» **WORK TASK**: Below this line are records; write out exactly the lines from the one containing "At one point, we" through the one containing "1.vt. 发给证明书;以证书形式授权给…;用证书批准 2.n. 证书;执照,文凭", with the pictures left out.

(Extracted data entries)
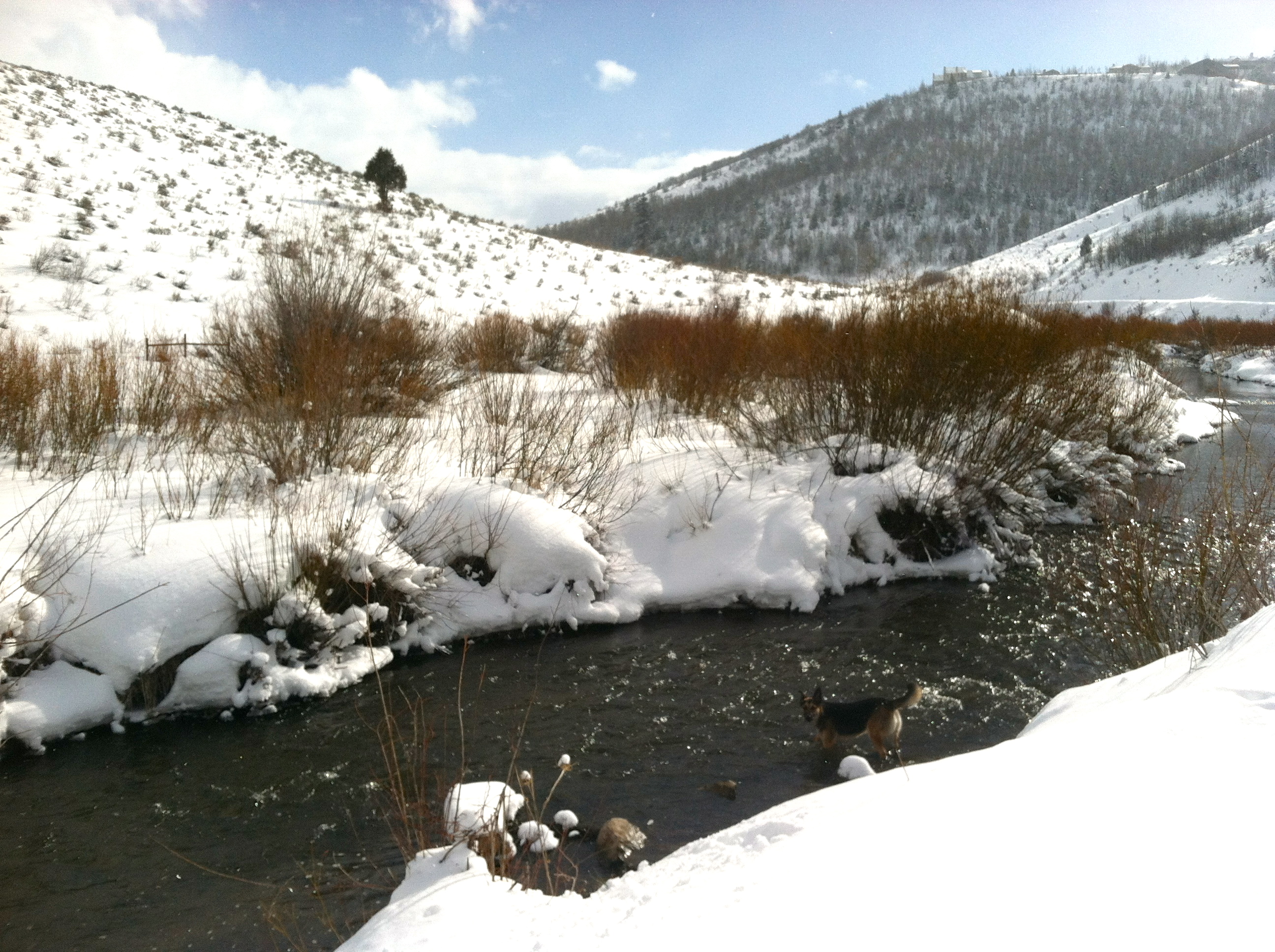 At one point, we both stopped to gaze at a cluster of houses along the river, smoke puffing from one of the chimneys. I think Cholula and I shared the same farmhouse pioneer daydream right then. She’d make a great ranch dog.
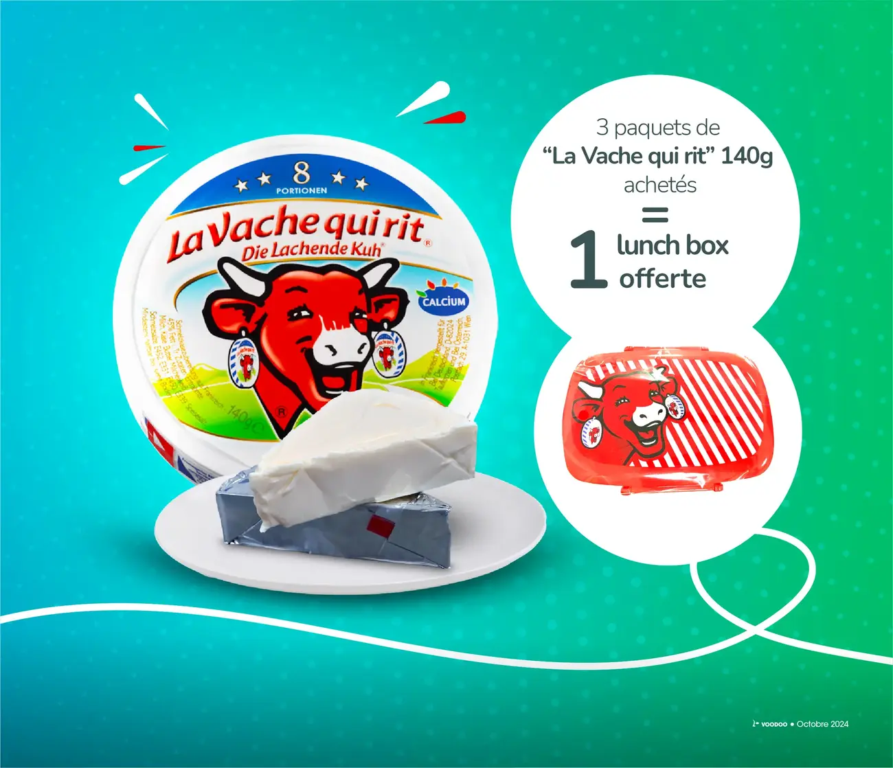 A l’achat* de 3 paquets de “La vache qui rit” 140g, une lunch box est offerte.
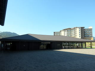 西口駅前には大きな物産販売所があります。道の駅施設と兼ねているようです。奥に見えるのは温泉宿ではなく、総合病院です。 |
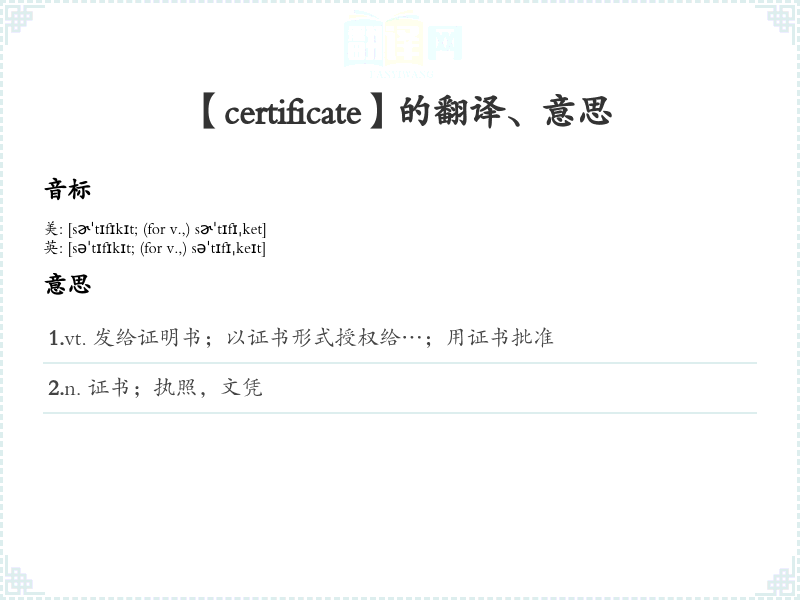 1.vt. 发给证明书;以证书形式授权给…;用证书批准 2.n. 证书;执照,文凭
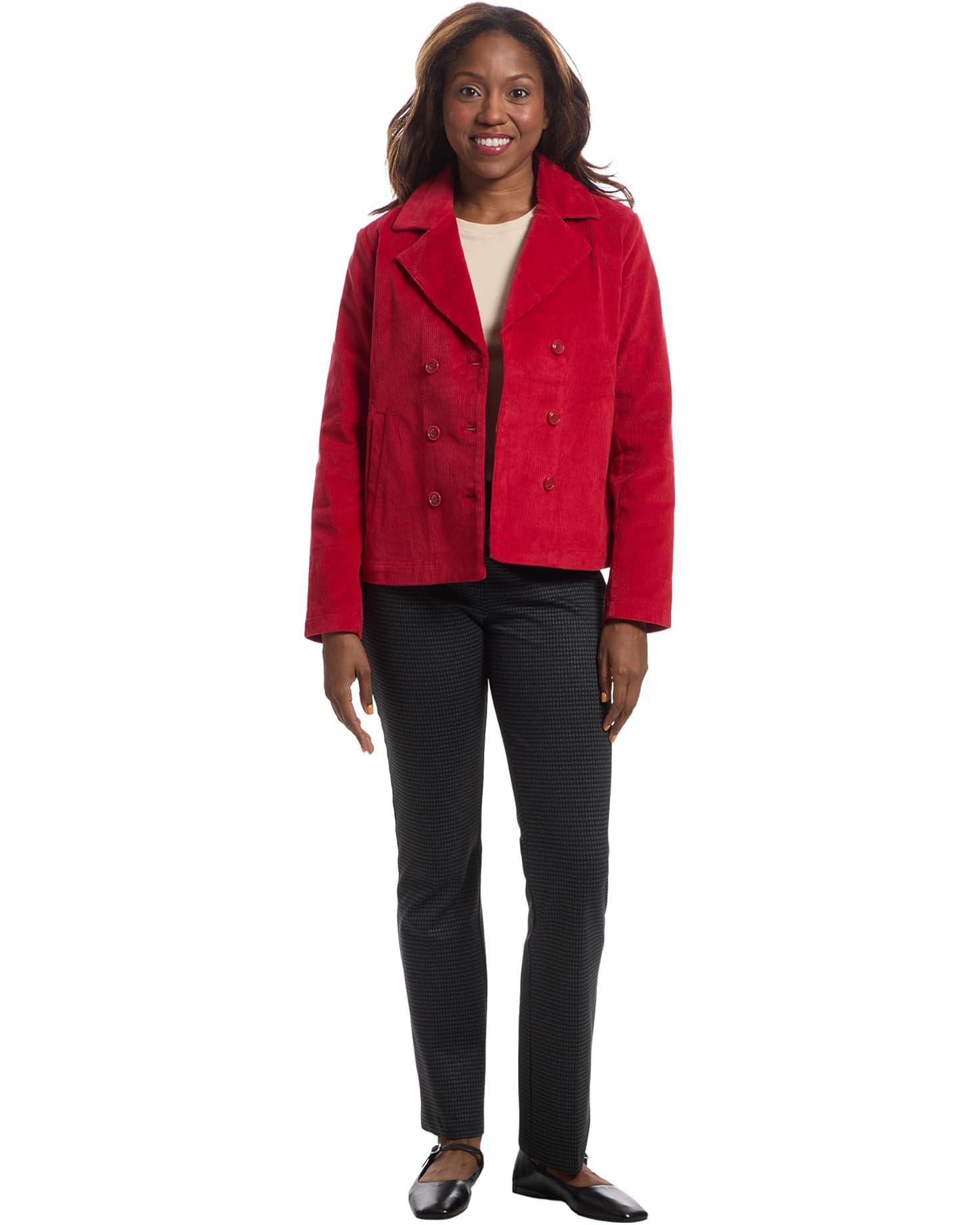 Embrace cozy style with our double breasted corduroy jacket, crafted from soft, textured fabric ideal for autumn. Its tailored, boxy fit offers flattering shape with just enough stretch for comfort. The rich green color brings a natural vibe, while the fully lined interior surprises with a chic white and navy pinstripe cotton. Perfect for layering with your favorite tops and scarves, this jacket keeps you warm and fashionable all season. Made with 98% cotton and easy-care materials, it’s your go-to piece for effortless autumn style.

...

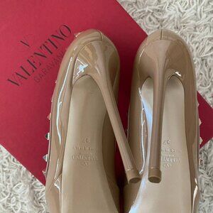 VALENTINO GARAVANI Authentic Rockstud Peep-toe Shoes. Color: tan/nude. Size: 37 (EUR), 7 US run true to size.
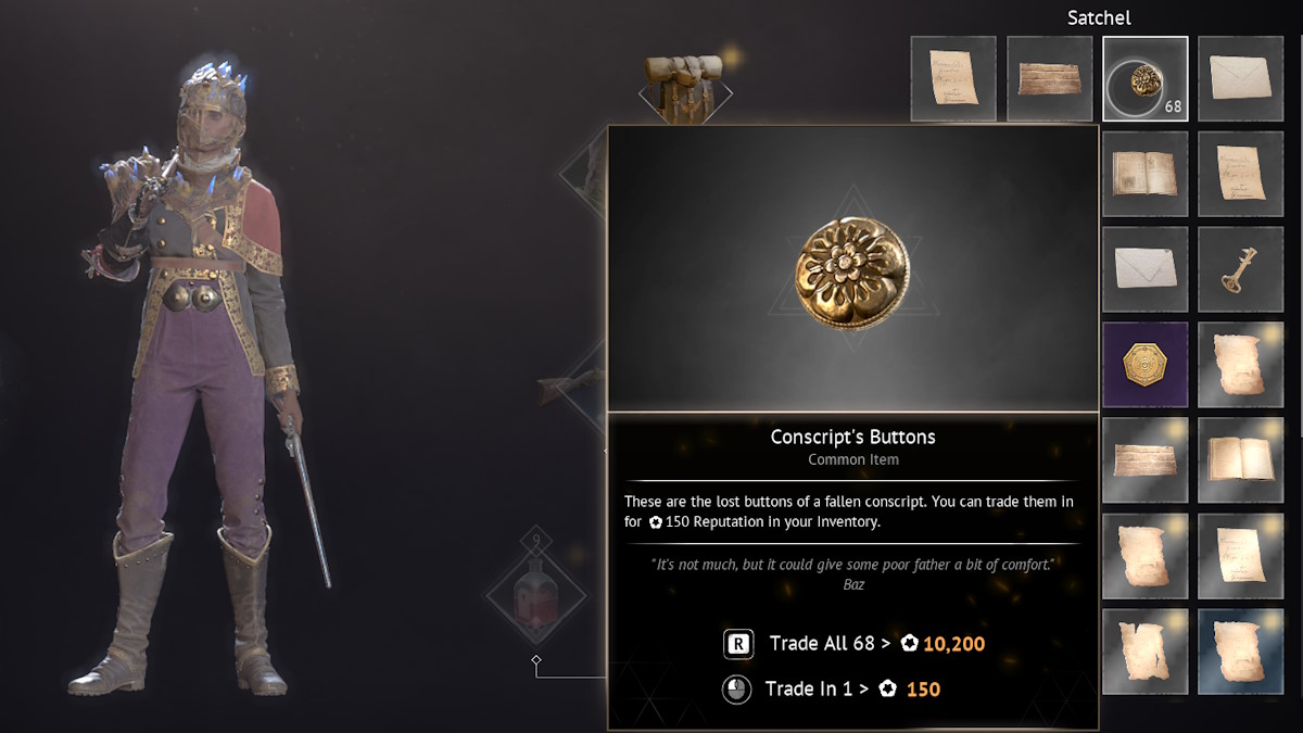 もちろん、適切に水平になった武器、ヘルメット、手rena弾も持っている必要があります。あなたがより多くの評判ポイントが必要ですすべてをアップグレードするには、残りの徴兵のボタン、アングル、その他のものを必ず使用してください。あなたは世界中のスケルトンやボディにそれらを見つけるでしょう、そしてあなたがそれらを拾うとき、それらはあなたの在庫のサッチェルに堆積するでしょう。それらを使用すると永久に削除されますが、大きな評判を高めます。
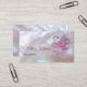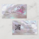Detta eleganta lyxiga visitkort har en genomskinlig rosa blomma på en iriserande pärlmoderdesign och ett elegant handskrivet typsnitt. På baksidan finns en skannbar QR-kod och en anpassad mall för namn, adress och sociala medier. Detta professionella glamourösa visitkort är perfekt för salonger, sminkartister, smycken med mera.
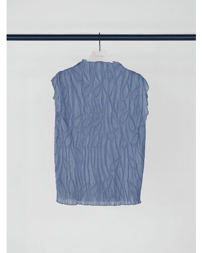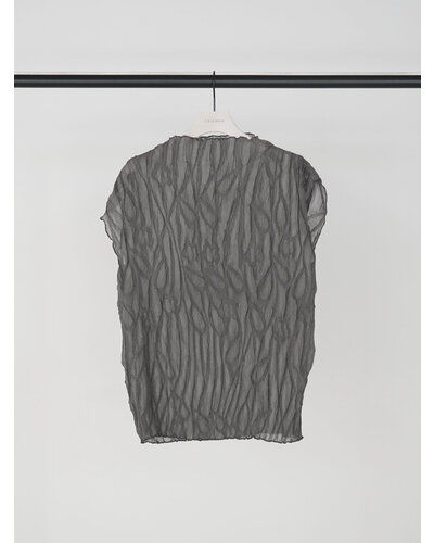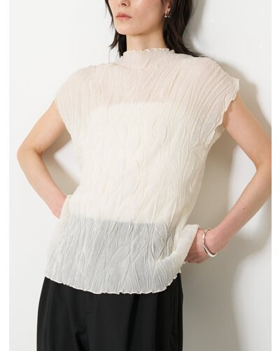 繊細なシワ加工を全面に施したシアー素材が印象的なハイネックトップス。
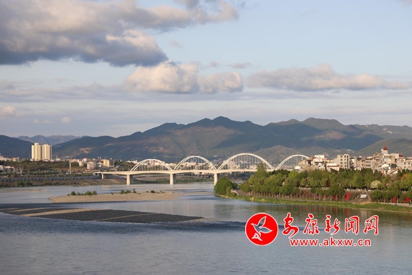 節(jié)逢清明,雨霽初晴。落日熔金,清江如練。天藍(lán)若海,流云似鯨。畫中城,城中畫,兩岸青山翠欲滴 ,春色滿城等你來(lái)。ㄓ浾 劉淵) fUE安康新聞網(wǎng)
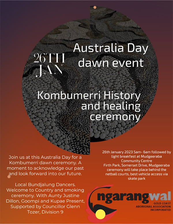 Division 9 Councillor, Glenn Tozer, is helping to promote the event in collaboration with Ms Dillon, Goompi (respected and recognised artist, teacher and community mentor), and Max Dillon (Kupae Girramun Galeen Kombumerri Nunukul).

» **EXPECTED OUTPUT**:
 At one point, we both stopped to gaze at a cluster of houses along the river, smoke puffing from one of the chimneys. I think Cholula and I shared the same farmhouse pioneer daydream right then. She’d make a great ranch dog.
 A l’achat* de 3 paquets de “La vache qui rit” 140g, une lunch box est offerte.
 西口駅前には大きな物産販売所があります。道の駅施設と兼ねているようです。奥に見えるのは温泉宿ではなく、総合病院です。 |
 1.vt. 发给证明书;以证书形式授权给…;用证书批准 2.n. 证书;执照,文凭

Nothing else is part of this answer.